Data extracted from a collection
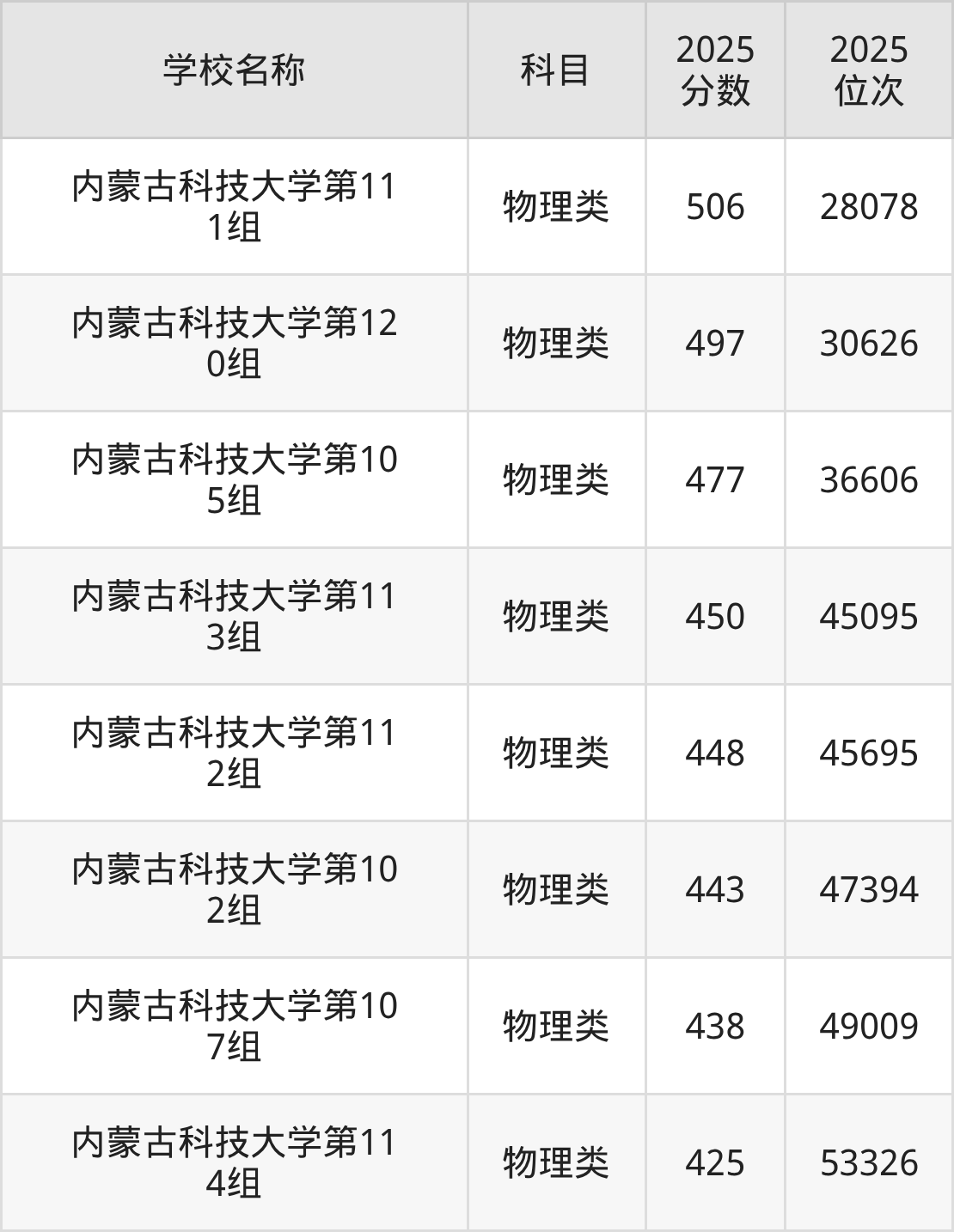 下文为2025年包头市含保研资格的大学在内蒙古物理类录取分数线和位次排名表,供大家参考:
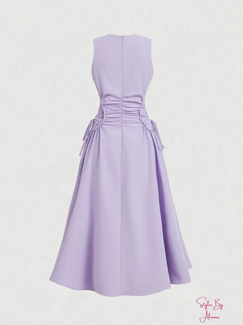 Elevate your style with this elegant mocha brown A-line dress. Featuring a flattering high waist, ruched detailing, and a drawstring design, its flared hem adds graceful movement to your look.
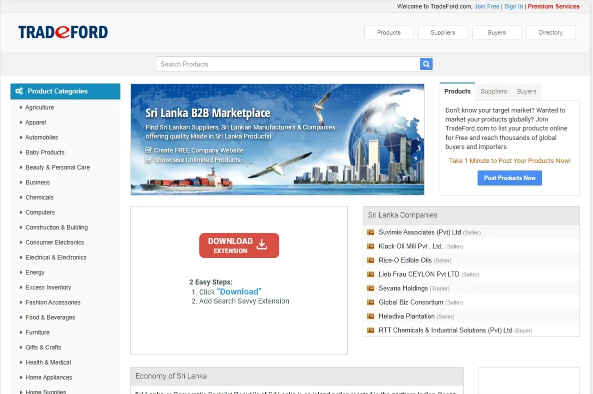 7、https://srilanka.tradeford.com/ 斯里兰卡的贸易平台,帮助各类企业进行跨国贸易
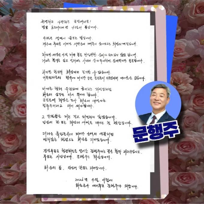 ¹®ÇàÁÖ È¼ø±º¼ö ¿¹ºñÈĺ¸, ¡®4¿ùÀÇ ¼Õ ÆíÁö¡¯ °ø°³, û·Å°ú Èñ¸ÁÀÇ ¸Þ½ÃÁö ÀüÇØ
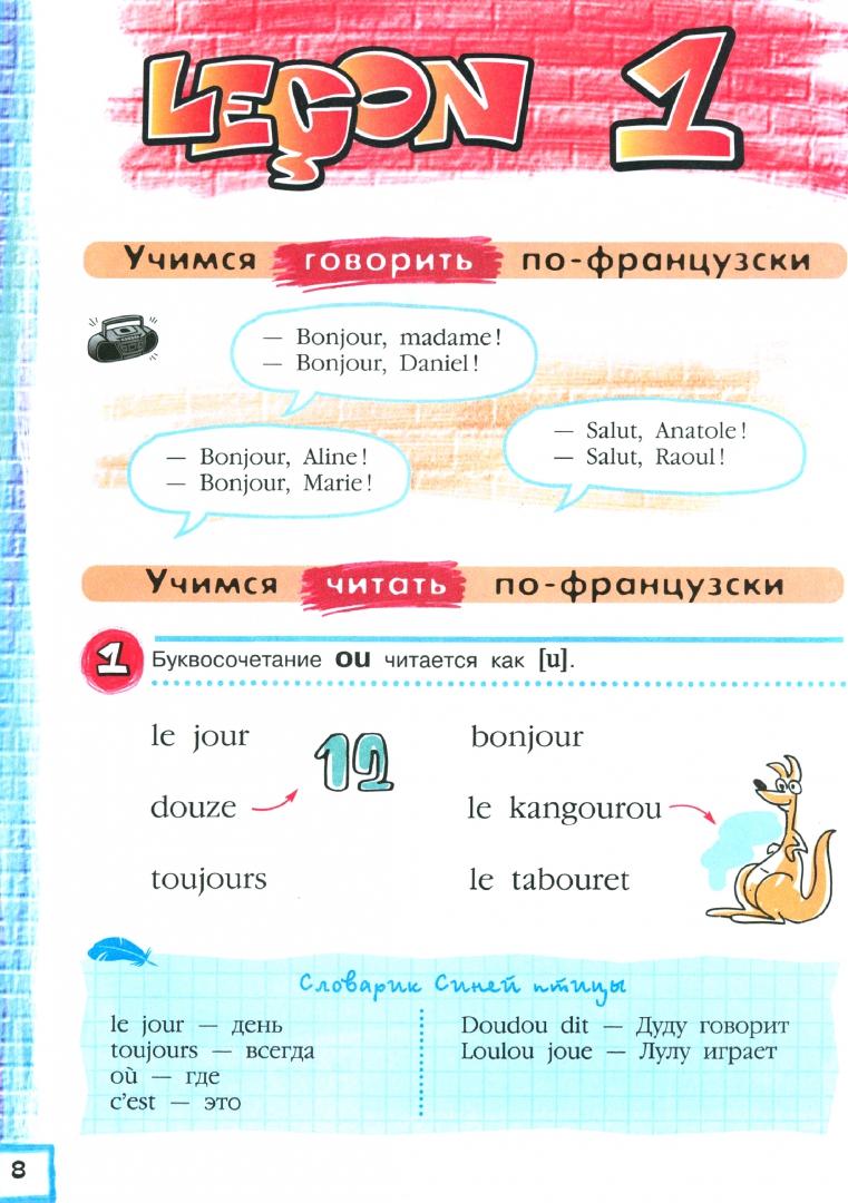 Диалоги, тексты, стихотворения и песни учебника в записи будут способствовать формированию правильного произношения, естественной мелодике и ритмике французской речи.
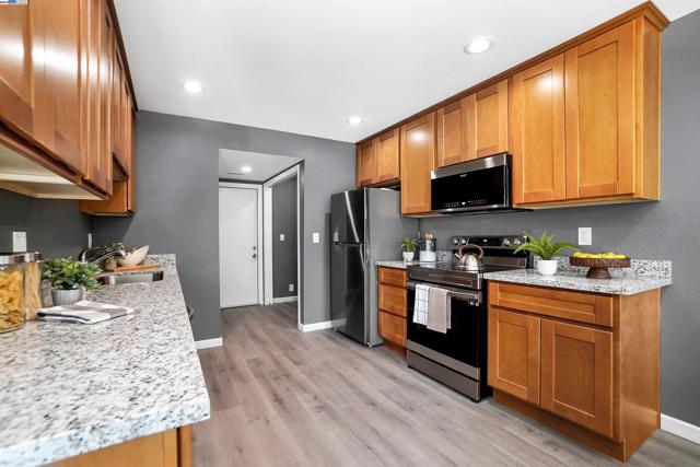 Welcome to your newly remodeled townhome! This 3 bedroom, 2.5 bathroom gem features modern upgrades throughout. Step inside to discover sleek vinyl flooring that adds a touch of elegance to the living space. The kitchen boasts stunning granite countertops, with brand new cabinets and modern and high end stainless steel appliances perfect for both meal prep and entertaining. Escape to your luxurious master bedroom suite, complete with a spacious walk-in closet for all your storage needs. The remaining two bedrooms are large enough for the perfect home office or to fulfill your additional bedroom needs. Outside, a private backyard awaits, ideal for hosting gatherings or simply enjoying some outdoor relaxation. Your convenience is ensured with new garage door and motor, as well as updated plumbing and electrical systems. With in-unit laundry and a pantry, this townhome offers both comfort and functionality for modern living. Other features such as central heating & recessed lighting make this home move in ready! The exterior will be enhanced with fresh new paint and fence from the HOA! Say hello to your dream home!
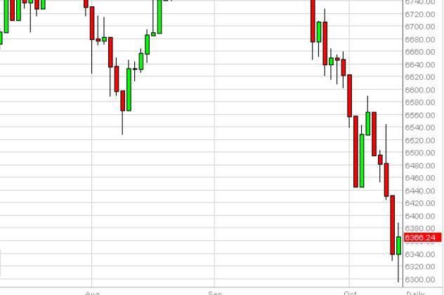 The FTSE as you can see fell during most of the session on Monday, but bounced off of the 6300 level in order to form a hammer. This hammer sits just below the 6400 level, and a move above that level would in fact be very positive as far as we can see, simply because it would be a reentry into the consolidation area that we had been in previously. On the other hand, if we break down below the 6300 level, we think that would be a very negative sign as we should then head to 6000.
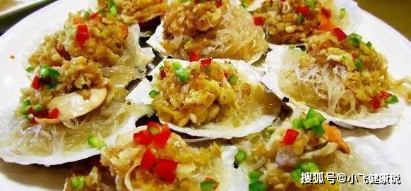 4、扇貝洗好後放在盤里,把泡軟的粉絲和爆好的蒜蓉放在貝肉上,再在上面撒上一些青椒和紅椒,蒸鍋里的水歡騰後旺火蒸5分鍾即可。
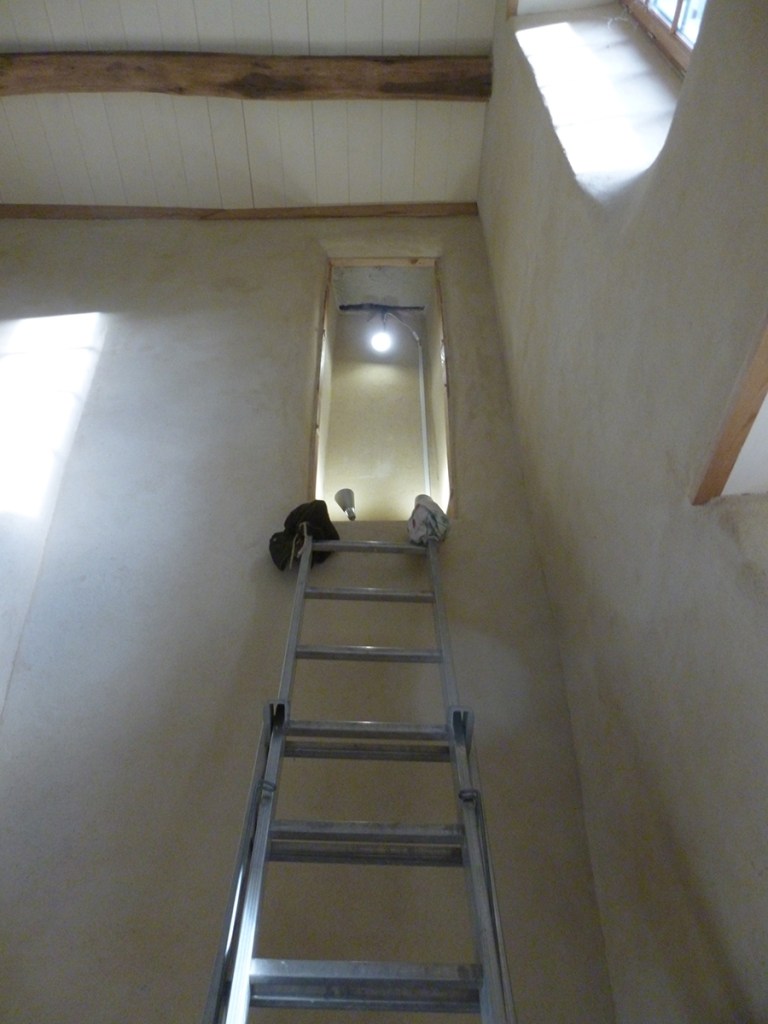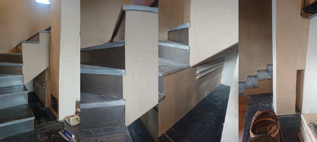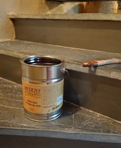 Avant de laisser les maçons terminer les enduits sur le poêle, nous avons collé les contres-marches. Je les ai donc protégées de l’humidité avec de l’huile dure (la même que celle utilisée pour les parquets).
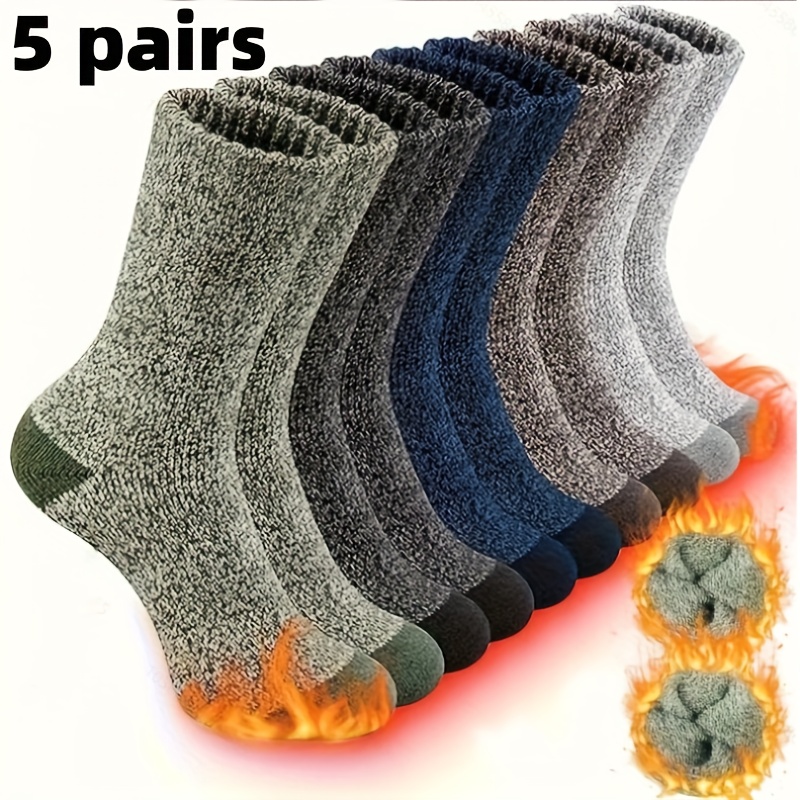 TEMU 5켤레 남성용 두꺼운 따뜻한 수건 양말, 남성용 겨울 미드 크루 양말, 야외 하이킹 양말, 루프 밑단 양말
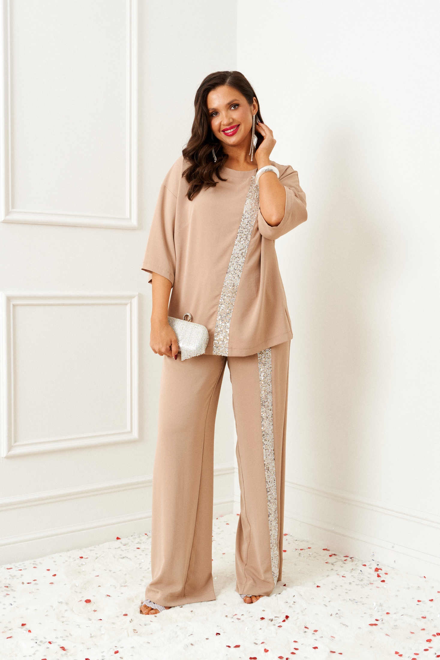 Готовимся к главной ночи года! Брючный костюм из мягкого крепа идеально подходит для торжественных выходов и не только! Оба предмета костюма можно смело комбинировать по отдельности с другими вещами Вашего гардероба. Изысканный костюм состоит из 2-ух предметов: блузки и брюк. Выполнен из костюмно-смесового полотна. У этой ткани нежная, гладко-бархатистая фактура, приятная на ощупь и матовая поверхность. Она легко драпируется и очень выгодно и дорого подчёркивает образ.
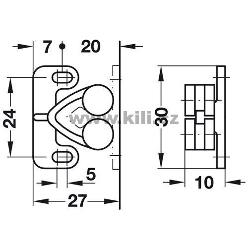Dvojitá kuličková západka k přišroubování plast - hnědá
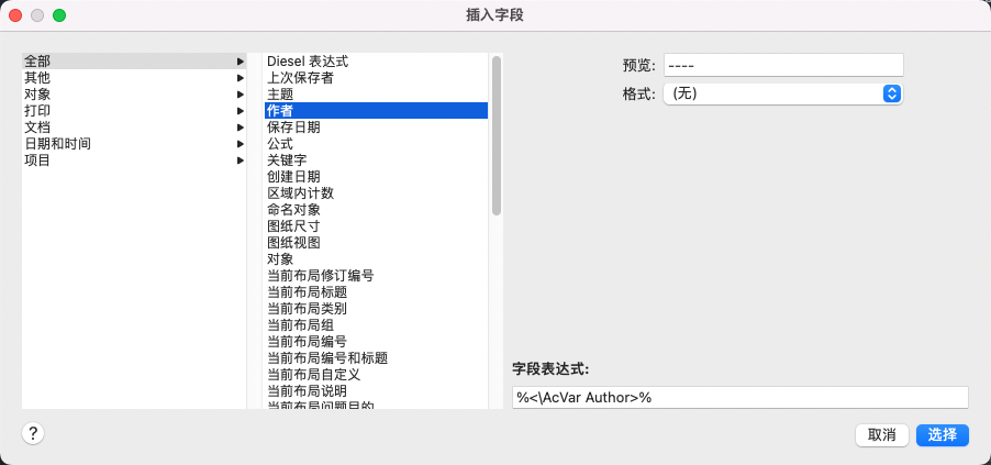 在“字段名称”中选择“命名对象”时,将显示图形中命名对象的类型列表。选择“对象”时,将显示选定对象的类型。使用“选择对象”按钮可以暂时关闭该对话框,然后在图形中选择对象。
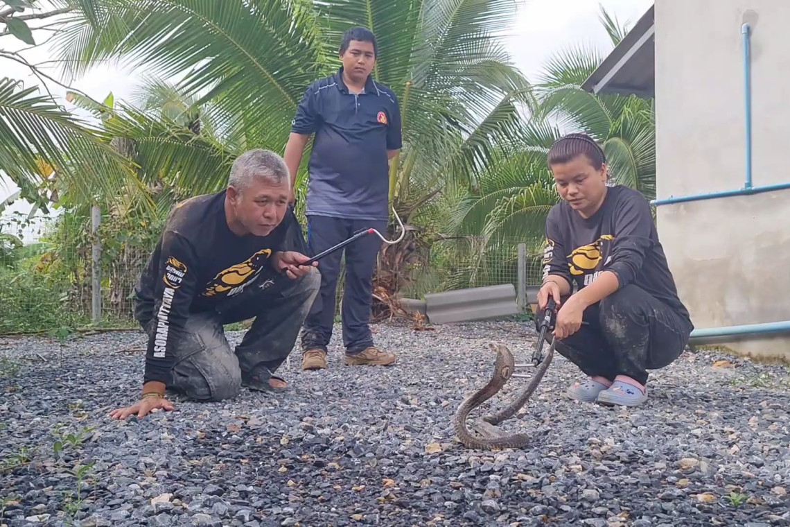 เหตุการณ์แม่งูเห่าเข้าไปทำรังใต้ถุนบ้านวางไข่จำนวนมากเกือบกลายเป็นกองทัพงูเห่า รายนี้เมื่อวันที่ 19 เมษายน 2565 ผู้สื่อข่าวรายงานว่าที่บ้านในสวนมะพร้าว ไม่มีเลขที่ บ้านบางสะพาน หมู่ที่ 7 ตำบลบางจาก อำเภอเมืองนครศรีธรรมราช ทีมอสรพิษวิทยาภาคใต้ และเจ้าหน้าที่มูลนิธิสยามร่วมใจปู่อินทร์ ได้เข้าให้การช่วยเหลือเจ้าของบ้านด้วยการเข้ารื้อใต้ถุนบ้านเพื่อเก็บไข่งูเห่า และจับแม่งู ด้วยเกรงว่าจะสร้างอันตรายให้กับเจ้าของบ้านรวมทั้งเด็กๆในบ้านเนื่องจากพบไข่งูจำนวนมาก รวมทั้งแม่งูเห่าอีกจำนวนหนึ่ง โดยเจ้าของบ้านรายนี้คือนายกมล สุทธิกุลานนท์ อายุ 39 ปี เจ้าของบ้านระบุว่าเมื่อ 3 วันที่ผ่านมาภถรรยาได้ตามหาแมวที่หายไปจากบ้านและตามเข้าไปที่ใต้ถุนบ้าน ซึ่งมีโพรงใต้พื้นบ้านที่ยกสูง โดยไม่ได้คิดว่าจะมีงูคิดเพียงแค่จะตามหาแมว และได้ใช้ไม้เซลฟี่ต่อกับโทรศัพท์สอดเข้าในช่องเปิดไฟแฟลชพร้อมทั้งสอดแขนเข้าไปด้วยพบแมว แต่ก็แทบช๊อคเมื่อพบกองไข่จำนวนมากจึงออกมาแจ้งขอให้เจ้าหน้าที่เข้าช่วยเหลือ โดยถือว่าโชคดีรอดตายอย่างหวุดหวิดที่แม่งูไม่ฉกแขน ก่อนที่จะแจ้งเจ้าหน้าที่เพื่อขอความช่วยเหลือซึ่งต้องใช้เวลาถึงวันนี้รวมถึง 3 วัน ขณะที่นายปรางมาศ เจริญวัย ทีมอสรพิษวิทยา ระบุว่าโชคดีอย่างมากในวันแรกที่เข้ามาตรวจสอบนั้นได้ยืนไม้เซลฟี่พร้อมกล้องสอดเข้าไปในช่องเดียวกับที่ภรรยาเจ้าของบ้านสอดมือเข้าไป งูได้ฉกกล้องทันที หลังจากนั้นได้ค้นหาติดตามอย่างต่อเนื่องตามจุดโพรงต่างใต้ถุนบ้านจึงพบว่ามีไข่งูอยู่ถึง 4 กอง คาดว่าเกิดจากแม่งูรวม 4 ตัว รวมไข่ทั้งหมดกว่า 70 ฟอง มีฟองดีจำนวน 64 ฟองที่เหลือเป็นไข่เสือจึงทำการกูไข่ออกมาให้อยู่ในสภาพเดิมมากที่สุด และสามารถจับงูได้ 1 ตัวเป็นงูเห่าเพศเมีย ส่วนที่เหลือนั้นคาดว่าไม่สามารถกลับเข้าไปในบริเวณเดิมได้จากที่ได้อุดช่องรูทางเข้าทั้งหมดแล้ว ผู้สื่อข่าวรายงานว่าสำหรับนายกมล และภรรยา นั้นได้มาลงหลักปักฐานทำสวนมะพร้าวอยู่ในสวนและบ้านหลังนี้ มาได้ 2-3 ปีที่ผ่านมา และได้ก่อสร้างบ้านที่ยกสูงมีใต้ถุนบ้าน โดยเจข้าหน้าที่ระบุว่าสภาพแวดล้อมเหมาะเป็นที่อยู่ของงูอย่างมากเนื่องจากเป็นพื้นที่หลบจากน้ำท่วมได้เป็นอย่างดี น้ำท่วมไม่ถึงมีโพรงใต้ตัวบ้านเป็นที่หลบซ่อนตัว มีอาหารในบริเวณใกล้เคียงอุดมสมบูรณ์ โดยหากไข่งูทั้งหมดฟักออกนั้นใต้ถุนบ้านหลังนี้จะกลายเป็นรังของกองทัพลูกงูเห่าจำนวนมากอาจเกิดอันตรายได้โดยง่ายดาย ส่วนไข่งูทั้งหมดนั้นเจ้าหน้าที่เตรียมที่

◆ How to complete this task ◆
Leave out the pictures. Transcribe only the lines above, from the first through the one that contains "Elevate your style".

◆ Reply ◆
 下文为2025年包头市含保研资格的大学在内蒙古物理类录取分数线和位次排名表,供大家参考:
 Elevate your style with this elegant mocha brown A-line dress. Featuring a flattering high waist, ruched detailing, and a drawstring design, its flared hem adds graceful movement to your look.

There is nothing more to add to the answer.